The session, focused on Regional Collaboration and Identity, is one of 10 such work groups with meetings being held around the region. The session was a forum for the local community to have their voices heard and their ideas recorded, with the hope that plans for economic recovery will bubble up from the grassroots instead of trickling down from Frankfort.


Attendees included representatives from several Area Development Districts, Prestonsburg city council, the Floyd County Chamber of Commerce, Big Sandy Community and Technical College, the University of Pikeville, local businesses, several media institutions, the East Kentucky Concentrated Employment Program, the Kentucky Innovation Network, and Kentucky’s Department for Local Government, as well as numerous concerned citizens, including some who are unemployed despite a wealth of experience and education.


Tony Wilder, a 2008 appointee of Gov.

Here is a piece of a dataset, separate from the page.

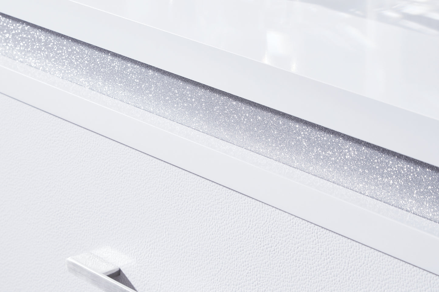 Details | Made with hardwood solids and MDF substrates, White paint finish, Inset acrylic glitter accents, Horizontal metal drawer pulls, 4 drawers with fully finished interiors, dovetail construction and heavy-duty ball-bearing side glides, Textured drawer fronts | |

Steve Beshear to be the Commissioner of the Department for Local Government, told attendees, “Your governor is really passionate about this.”

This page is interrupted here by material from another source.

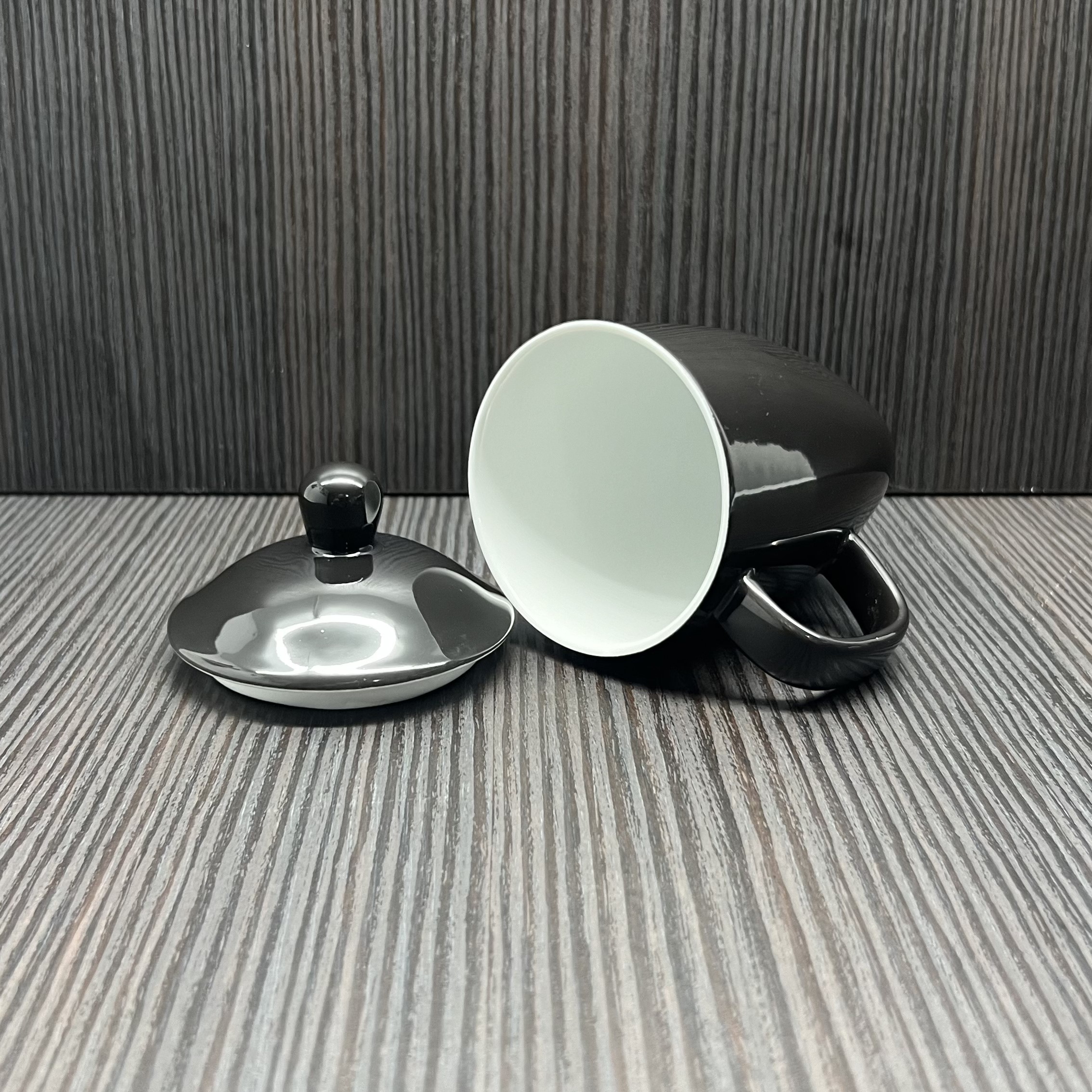 Set Cana cu Capac, Calix 300 ml, Negru

The evening’s discussion revolved around Eastern Kentucky’s unique cultural identity, our underutilized assets, and the roadblocks to getting the region as a whole to collaborate for a common goal.


Participants commonly cited the seemingly arbitrary county lines as a hurdle for a regional effort, but our reclaimed mine lands as a resource ready to be exploited. Our remote location was seen as a hindrance to attracting new industries like manufacturing, while our subpar broadband infrastructure is restricting our ability to draw high-tech jobs.

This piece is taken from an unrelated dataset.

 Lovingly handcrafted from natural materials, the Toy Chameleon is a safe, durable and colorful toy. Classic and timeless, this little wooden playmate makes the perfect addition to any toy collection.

At the same time, we have a region with indisputable natural beauty and a workforce brimming with tenacity and ingenuity.


Listening sessions like this one—and those with a focus on other areas of economic development, including business, education, health, and infrastructure to name only a few—are being held frequently in the coming weeks in different cities. All ideas will be compiled in a comprehensive report, due out in August.


On Thursday alone, a tourism-focused work group will meet at the Mountain Arts Center in Prestonsburg at 10 a.m., and agriculture-themed work groups will be meeting at 6 p.m. in Whitesburg and 7 p.m. in Louisa. A calendar of upcoming sessions and a bounty of additional information can be found at the SOAR initiative’s new website, soar-ky.org.